K14RK-D, virtual channel 14 (UHF digital channel 14), is a low-powered television station licensed to Phoenix, Arizona, United States. The station is owned by Good News Broadcasting Network, Inc. Its transmitter is located on South Mountain.

History
The station began with an original construction permit for K69FM (channel 69), granted to Broadcasting Systems of Phoenix on August 19, 1988. The station was licensed on January 11, 1990, with city of license of South Phoenix. Early programming is unknown. In February 1991, the station was sold to Polar Broadcasting of Arizona, a San Francisco, California-based company, who shortly thereafter applied to move the station to channel 67 and change the city of license to Phoenix.
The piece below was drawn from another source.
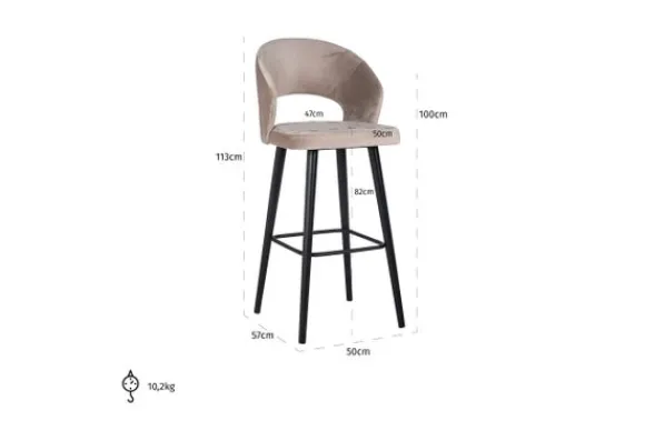 Barkruk Savoy 211070 Khaki Velvet van het merk Richmond Interiors is gestoffeerd met Quartz khaki 903. Velvet is makkelijk te reinigen, slijtvast en goed bestendig tegen bijvoorbeeld nagels van huisdieren. Verder heeft deze stof een mooie vleug, wat zorgt voor een chique en hippe uitstraling. De rugleuning en armleuningen lopen in een ronde vorm af voor optimaal zitcomfort. De stoelpoten zijn gemaakt van zwart gelakt hout en beschikt over een voetensteun. Deze barkruk is ook verkrijgbaar in een lagere variant .
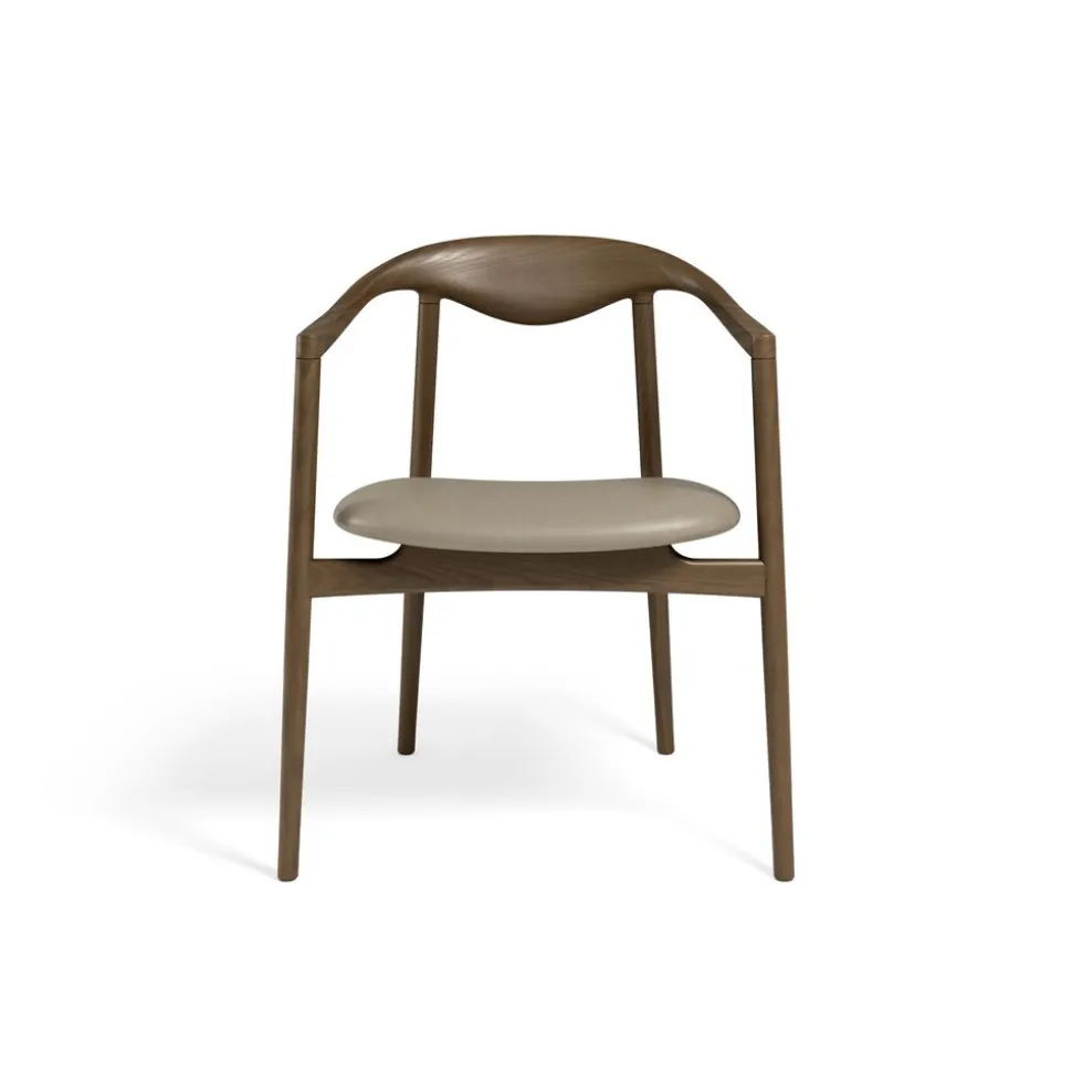 Durch modernes CNC-Fräsen und traditionelle handwerkliche Formgebung und Verarbeitung erhält der Stuhl sein einzigartiges Aussehen. Der Esszimmerstuhl passt perfekt in ein modernes Esszimmer, wo er eine einzigartige Ergänzung der Einrichtung darstellt.

The station licensed its new facilities and its callsign was changed to K67FE in December 1992.

In June 1996, Polar Broadcasting sold the station to Paxson Communications (now Ion Media Networks and the station became part of Infomall TV Network, or inTV. Paxson Communications sold the station in August 1999 to Spanish Independent Broadcasting Network, who changed the programming to Spanish independent, rebroadcasting KWHY-TV (channel 22) of Los Angeles, California. The next year, needing to vacate the upper-700 MHz band (channels 60 - 69), the station applied for and was granted a permit to move to channel 53. The station was licensed in June 2002 as K53GF. Since then, the station has dropped the KWHY-TV rebroadcast and operates as an independent station, airing mostly movies and infomercials for local car dealers.
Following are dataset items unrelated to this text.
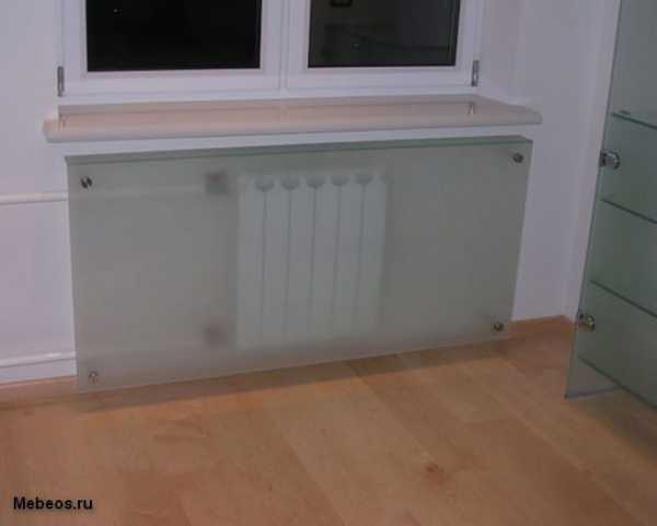 - Стеклянные экраны на радиаторы появились несколько лет назад. Они неидеальны с точки зрения отопления, но имеют привлекательный вид. Делают их из особого закаленного стекла, матируют или наносят рисунок.
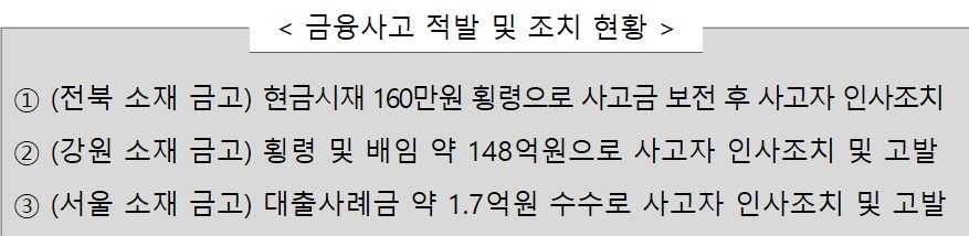 검사 결과 대부분의 금고는 경미한 업무절차 흠결 외에 특별한 이상은 없었으나, 3개 금고에서 △횡령사고(2개)와 △금품수수(1개)를 적발해 철저한 사고 조사 후 현재 사고자 징계 및 형사 고발 조치했다.
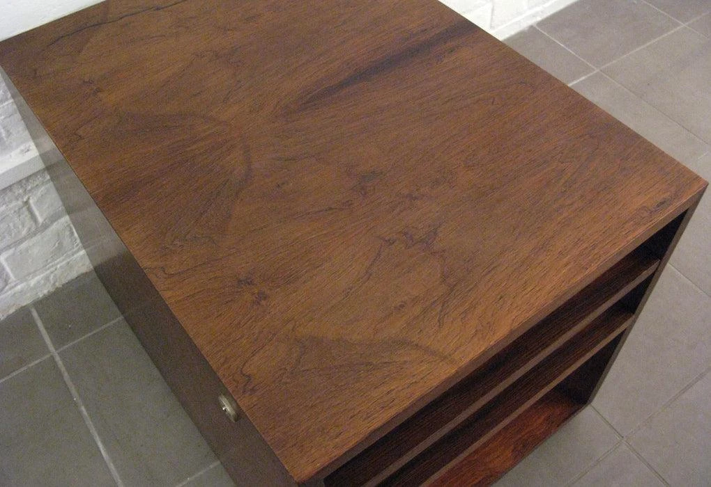 The design was restrained but bold, with strict, box-like carcass and inset drawers. Using selected rosewood veneers, the drawer set is austerely modernist, yet a decorative and functional piece of furniture.
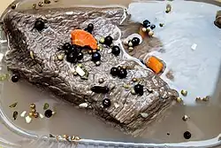 Red wine vinegar and wine typically form the basis of the marinade, which also includes earthy aromatic spices such as peppercorns, juniper berries, cloves, nutmeg, and bay leaves and less commonly coriander, mustard seed, cinnamon, mace, ginger, and thyme.[3][15][16] The marinade may also include vegetables such as onions, celery, and carrots.[13] The acidic marinade helps tenderize the meat before it cooks. Buttermilk is also used as a marinade in certain regional varieties.[5][17] It is frequently advised to marinate the meat in an earthenware, glass, plastic, or enamel container rather than one made of bare metal, as the acidic marinade would react with a metal vessel during the extended marinating.
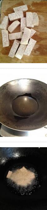 2. 坐鍋倒油燒到七成熱,香芋放入油鍋里炸。炸到表面微黃,撈起濾油。

In May 2005, K53GF received a request to vacate channel 53 from Aloha Partners, who were winners of the FCC auction for the spectrum now occupied by channel 54. However, with the DTV conversion still in process, there were no suitable in-core channels to which K53GF could move their analog operations. Instead, they requested to operate as a low-power digital TV station (LPDTV) on channel 38 and the FCC granted a construction permit in October 2005 to build LPDTV station K38IZ-D. In the meantime, Aloha Partners has not launched its proposed service to Public Safety, and K53GF remained on the air on analog channel 53 until May 2010. Aloha Partners and its channel 54/59 spectrum were acquired on February 4, 2008, by AT&T Mobility.
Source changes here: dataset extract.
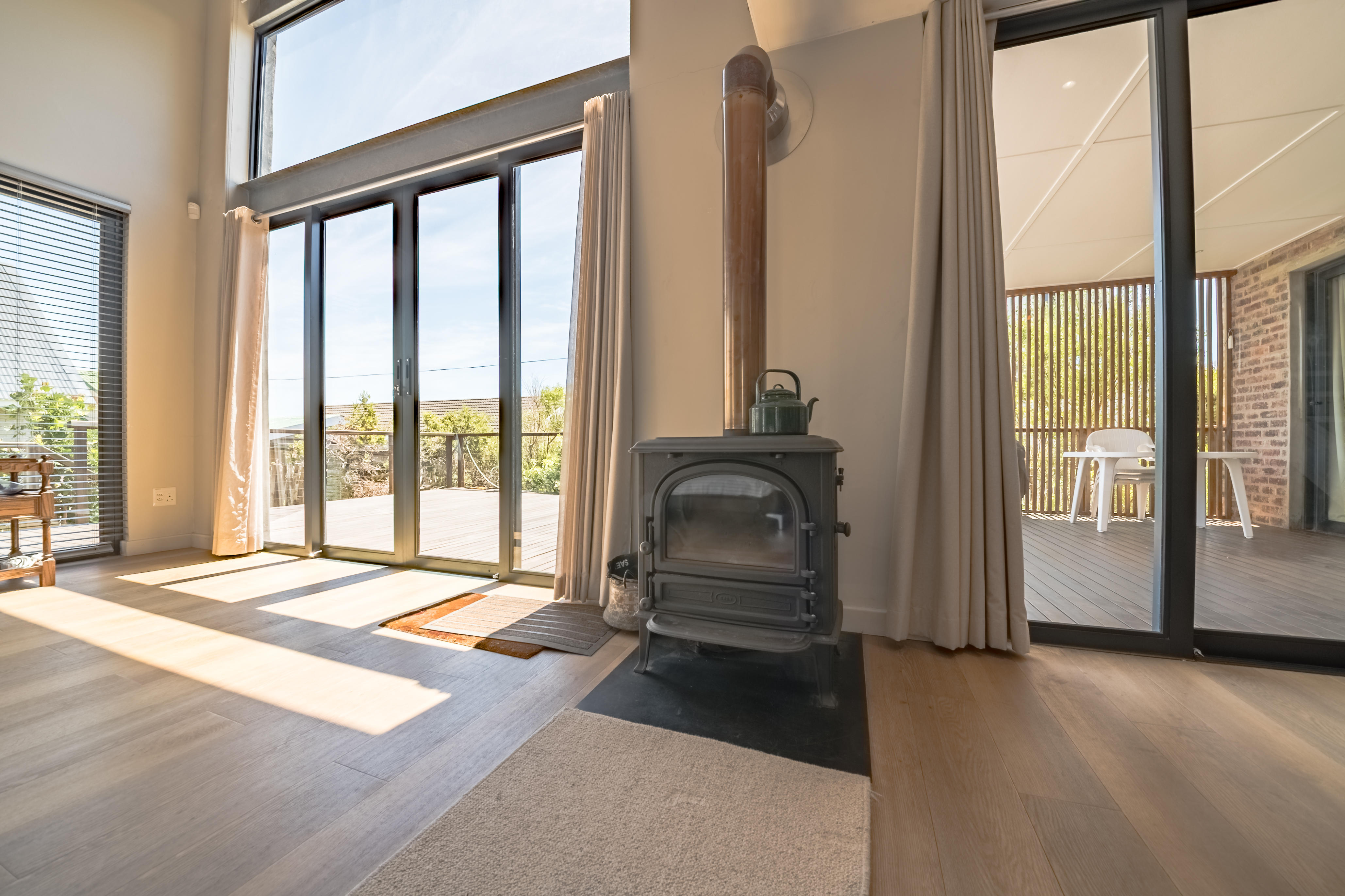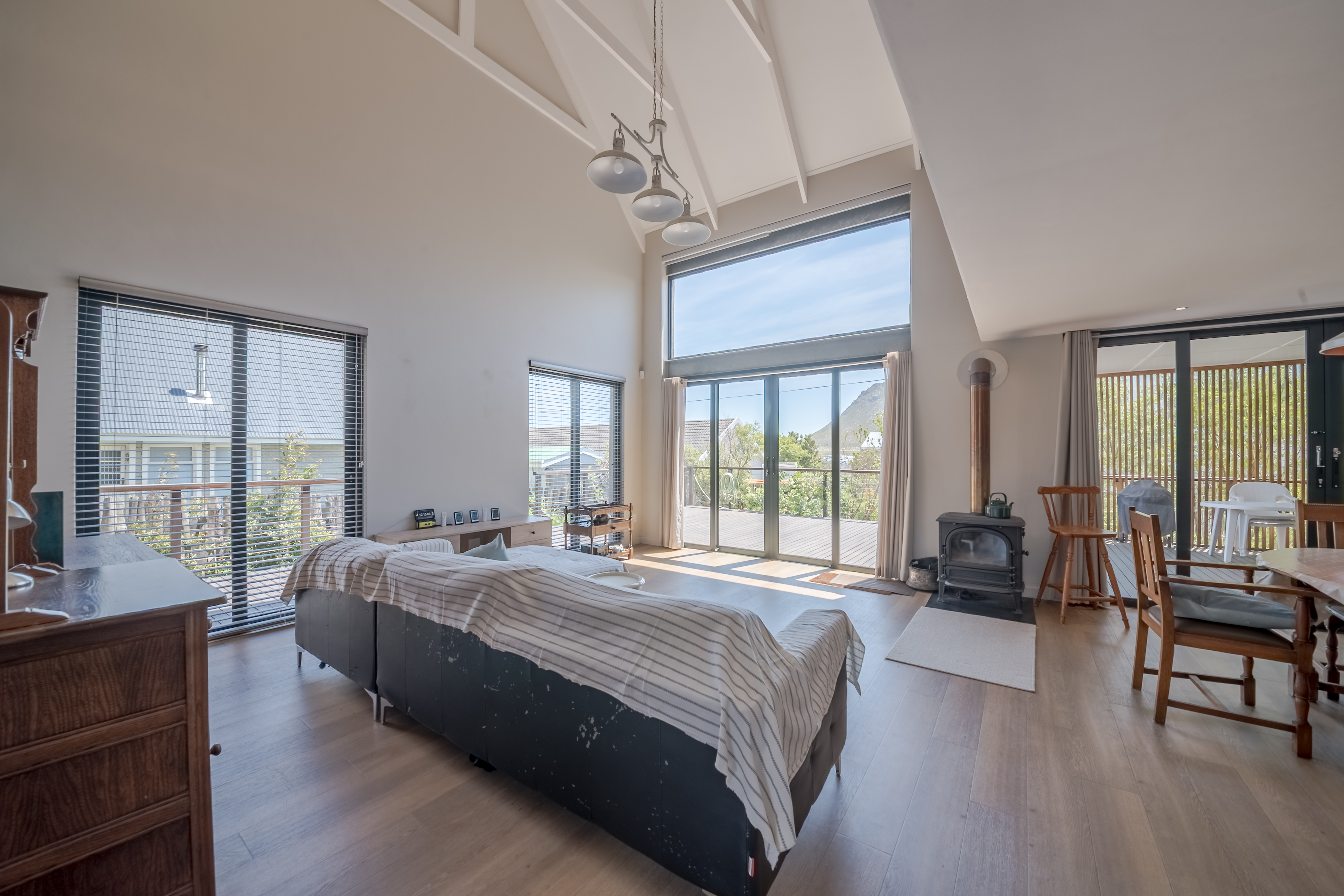 Inside, you’ll find three bedrooms — the main en-suite, a second bathroom serving the other two rooms, and one currently used as a study. The living areas are open-plan and welcoming, anchored by a fireplace that keeps winter evenings warm and cozy. The kitchen, dining, and lounge flow naturally onto a partially covered wooden deck, recently treated and good for the next few years — the perfect spot for morning coffees, lazy afternoons, and long chats with a mountain view.
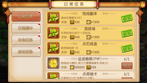 日常任务包括运送粮草、竞技场等每天可完成的简单任务,完成之后可获得战队经验、金币、灵魂石的奖励,每天可在日常任务内领取180点体力。

On October 27, 2008, the station filed for special temporary authorization (STA) to continue broadcasting the analog signal until 2009. The station began digital operation under program test authority on October 30, 2008.

Digital channels
The station's signal is multiplexed:

Programming
K38IZ-D airs a mix of locally produced shows, public domain movies and paid programming in Spanish. On 38.2 the station broadcasts the Tuff TV network under the brand IZ Tuff, on 38.3 the station broadcasts classic 1970s/1980s music videos under the brand IZ Videos and on 38.4 the station broadcasts ZUUS Country under the brand IZ ZCTN. In April 2015, the station added This TV programming on channel 38.5, and became the sole affiliate when independent station KTVK (channel 3) dropped This TV on April 13. This TV was dropped on June 1, 2017, in favor of The Action Channel.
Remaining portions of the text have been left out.